> _EXERCISE OBJECTIVE_
In the material below, print every line exactly and omit the pictures.

> _DATA SECTION_
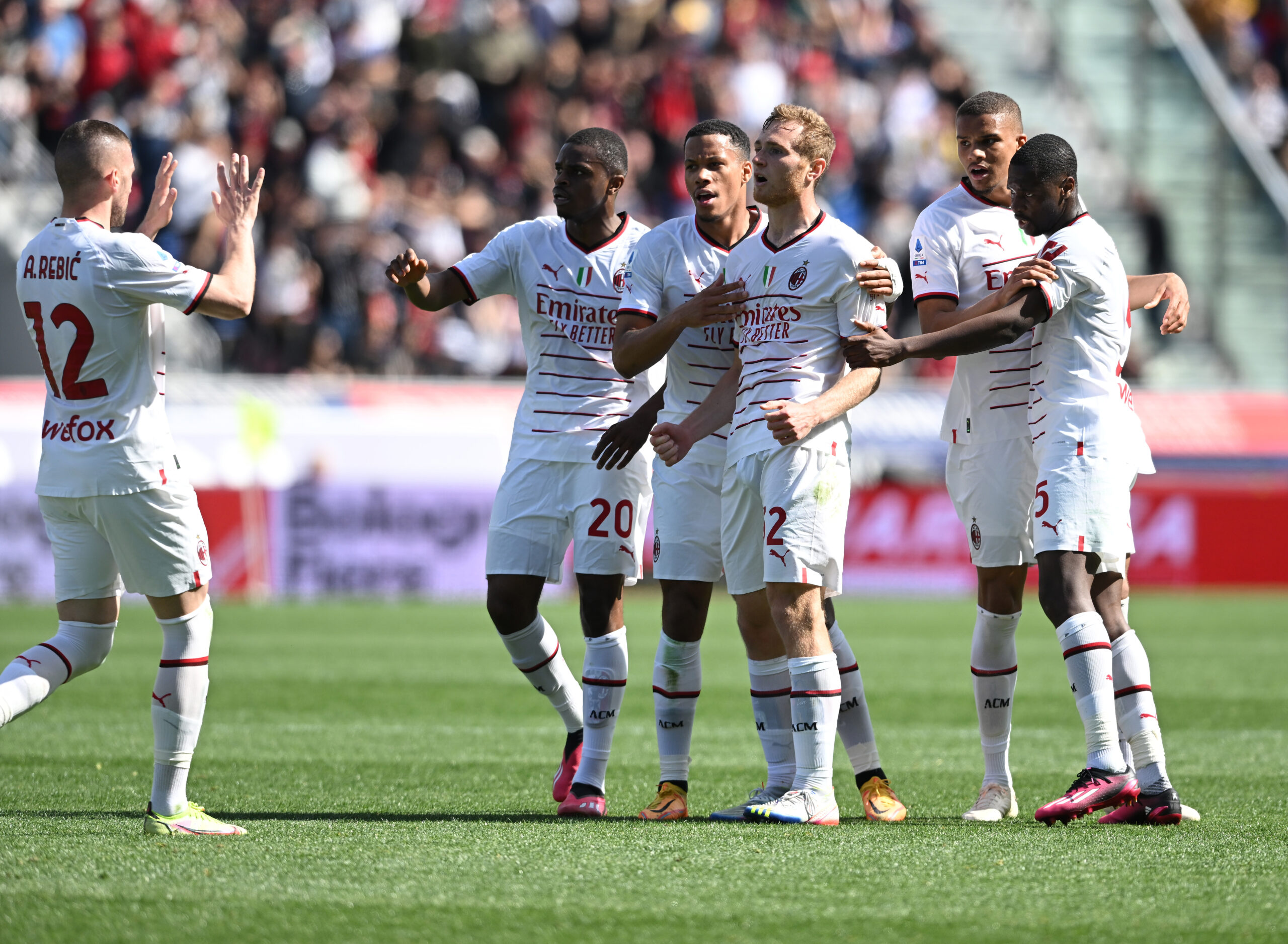 BOLOGNA, ITALY - APRIL 15: Tommas Pobega of AC Milan celebrtaes with team-mates after scoring the goal during the Serie A match between Bologna FC and AC Milan at Stadio Renato Dall'Ara on April 15, 2023 in Bologna, Italy. (Photo by Claudio Villa/AC Milan via Getty Images)
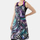 Vibrant Métallic Paisley Rose Purple Turquoise Bling avec Black and White Checked Apron Conçu par AI-Creator-Susan-M-Pierce CBDOilPrincess
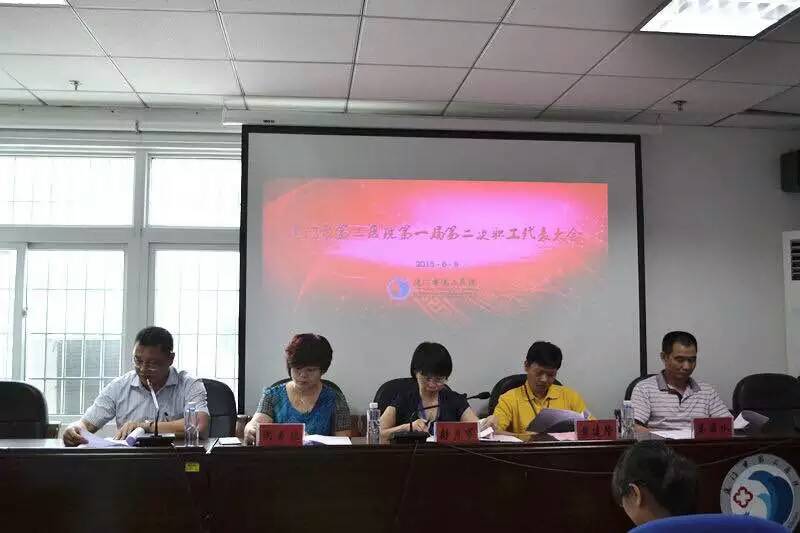 第一届第二次职工代表大会在医院三楼会议室召开,会议由党委书记、工会主席彭月芗同志主持,参加会议的职工代表共79名。

> _EXERCISE OUTPUT_
 BOLOGNA, ITALY - APRIL 15: Tommas Pobega of AC Milan celebrtaes with team-mates after scoring the goal during the Serie A match between Bologna FC and AC Milan at Stadio Renato Dall'Ara on April 15, 2023 in Bologna, Italy. (Photo by Claudio Villa/AC Milan via Getty Images)
 Vibrant Métallic Paisley Rose Purple Turquoise Bling avec Black and White Checked Apron Conçu par AI-Creator-Susan-M-Pierce CBDOilPrincess
 第一届第二次职工代表大会在医院三楼会议室召开,会议由党委书记、工会主席彭月芗同志主持,参加会议的职工代表共79名。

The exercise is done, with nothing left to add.